Truffa o estorsione? La differenza sta in cosa si minaccia
17 Gennaio 2017
Con sentenza n. 5 del 2 gennaio 2017, la seconda Sezione penale della Corte di cassazione ha ribadito il principio secondo cui il criterio distintivo tra il reato di truffa e quello di estorsione, quando il fatto è connotato dalla minaccia di un male, è rappresentato dalla concreta efficacia coercitiva, e non meramente manipolativa, della condotta minacciosa rispetto alla volontà della vittima, da valutarsi con verifica ex ante, che prescinde dalla effettiva realizzabilità del male prospettato.

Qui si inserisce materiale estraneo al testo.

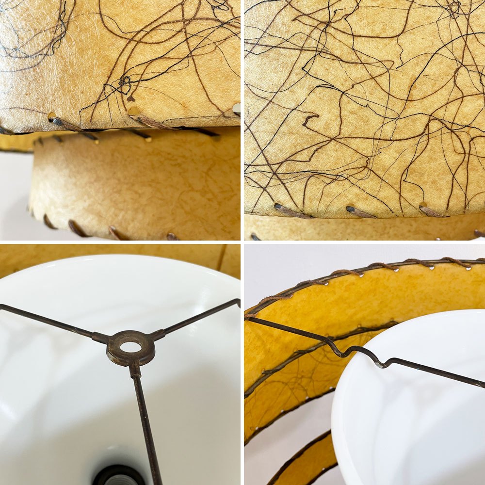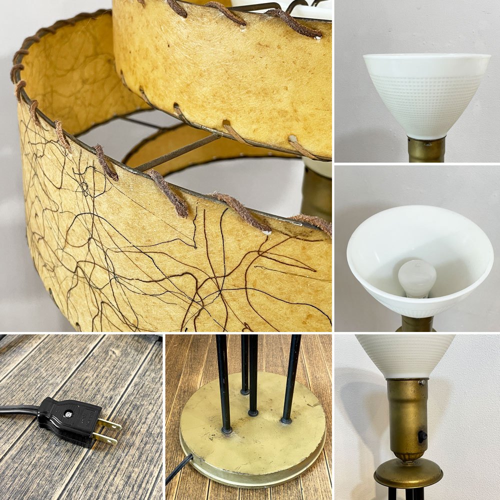 こちらはビンテージのお品物です。ファイバーシェードには経年による色味の変化や細かなペイント痕が全体にございます。また、ベース部分には擦れや傷、ペイントロス、くすみや錆等の取り切れない汚れが散見されます。シェードの紐は革製のものと交換されている箇所がございますが、美観を損なうものではございません。その他、スイッチがやや固く感じられるものの点消灯に不具合はございません。経年なりのダメージがございますが、これからもビンテージの風合いをお楽しみ頂きながらご使用いただけるコンディションを保っております。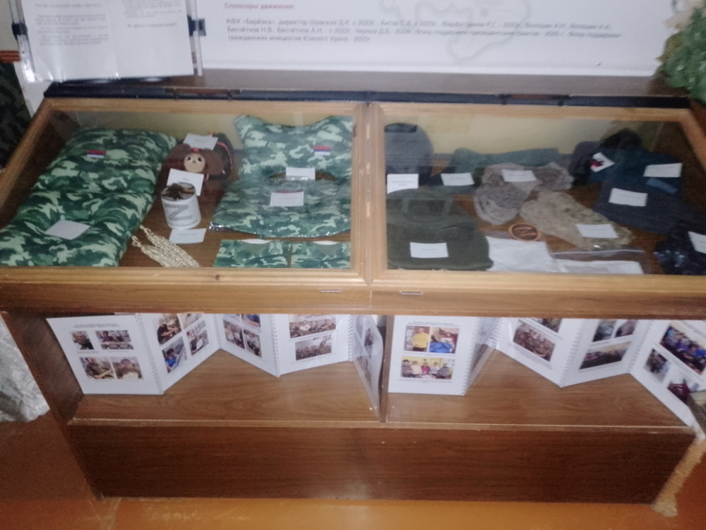 6 ноября от представителей и волонтеров общественной организации «Зов Урала», бескорыстно занимающихся изготовлением, сбором и доставкой гуманитарной помощи бойцам СВО, поступило более 20 предметов в фонд музея, которые стали ключевыми экспонатами первой тематической экспозицией «Время героев»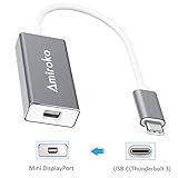【Amiroko USB-C to Mini DP Adapter】: Connects a computer with USB Type C port(Thunderbolt 3) to a Monitor/Projector with Mini DisplayPort/ Displayport/ VGA input, and you need an extra "Mini DP to Mini DP/ DP/ VGA Cable" for connect to your displays, monitors and projectors. Easy to use, no external power or additional driver required.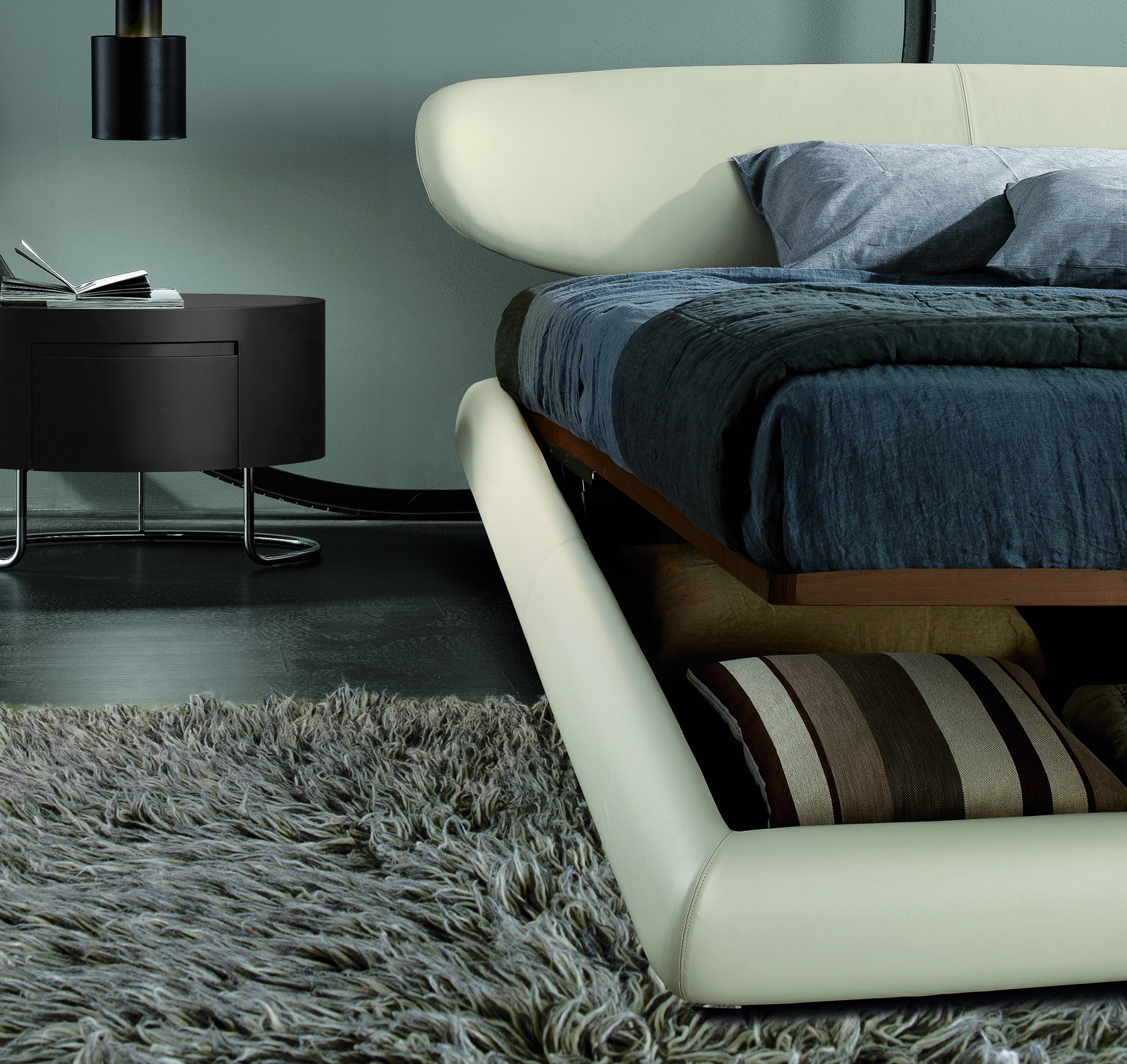 Double bed Nuba from Italian manufacturer MisuraEmme. The model is made in modern style. As upholstery textiles or leather. Will fit harmoniously into the interior is simple and cozy bedroom. Very convenient location of the drawers under the bed - You will always be able to clean there bedding.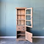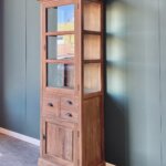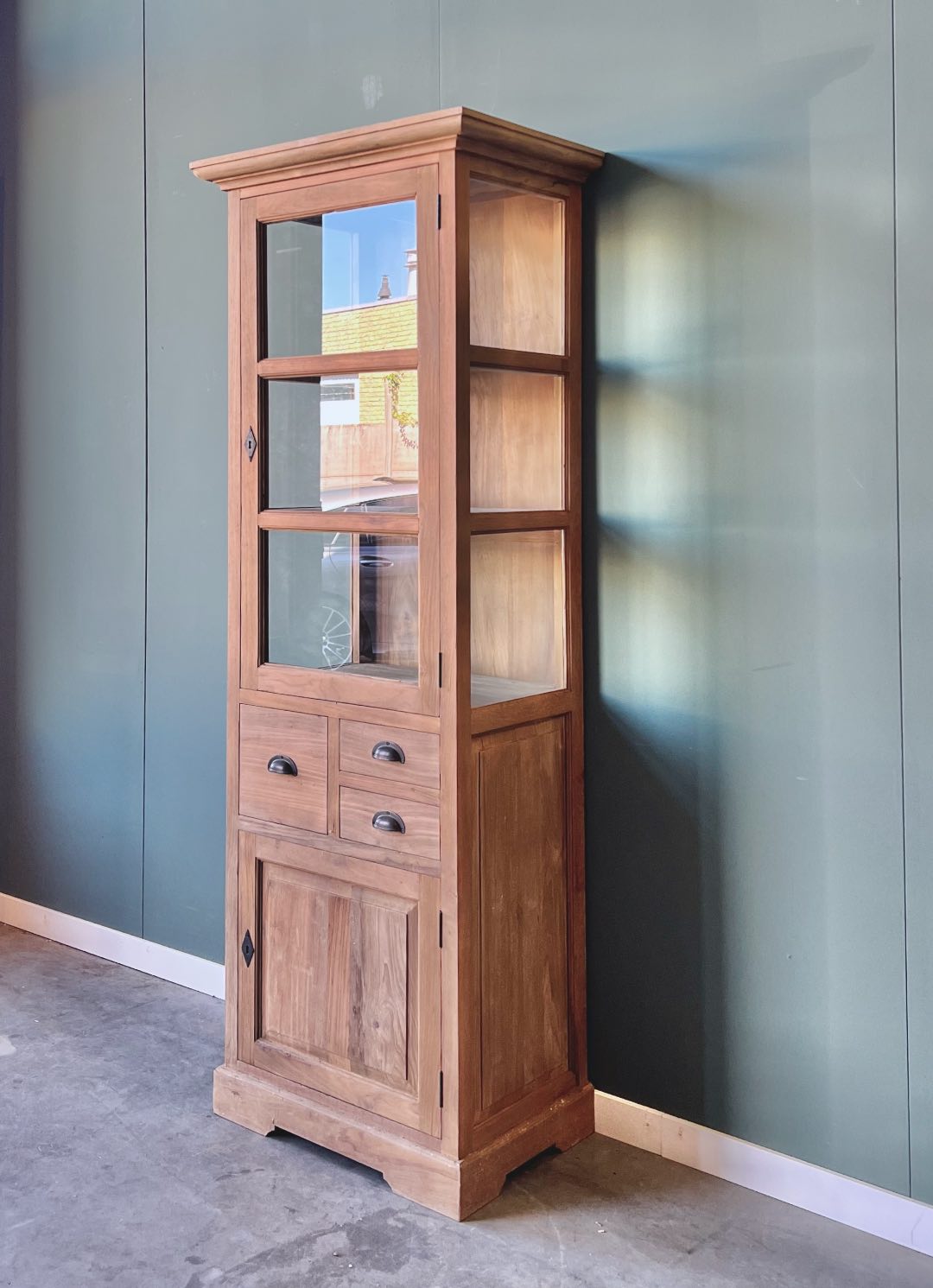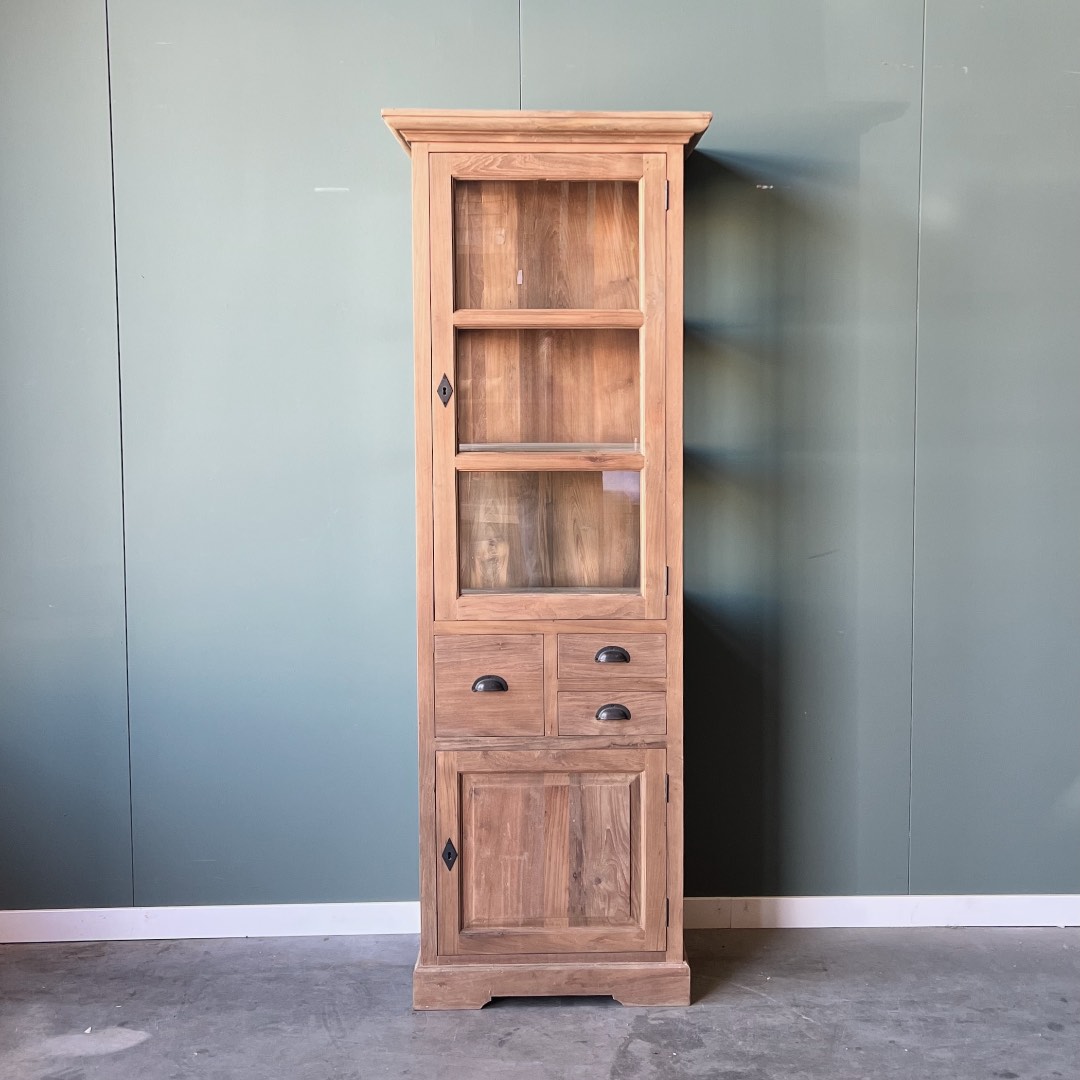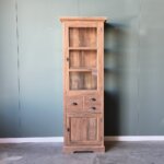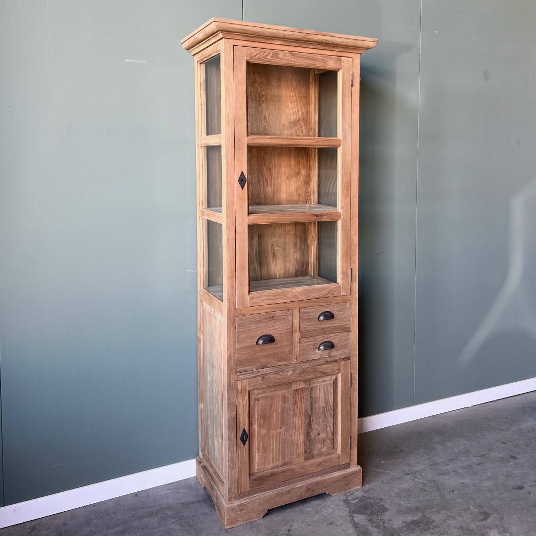 Smalle vitrinekast Arnhem. Heel geschikt om uw dierbare verzameling in uit te stallen. Aan de zijkanten zitten ook raampjes.

Più precisamente, il criterio distintivo deve ravvisarsi nel diverso modo di atteggiarsi della condotta lesiva e della sua incidenza sulla sfera soggettiva della vittima: ricorre, dunque, la truffa qualora il male venga ventilato come possibile ed eventuale e comunque non proveniente, direttamente o indirettamente, da chi lo prospetta in modo che la persona offesa non è coartata, ma si determina alla prestazione perché tratta in errore dalla esposizione di un pericolo inesistente. Si configura invece l'estorsione quando il male viene indicato come certo e realizzabile ad opera del reo o di altri, poiché in tal caso la persona offesa è posta nella ineluttabile alternativa di far conseguire all'agente il preteso profitto o di subire il male minacciato.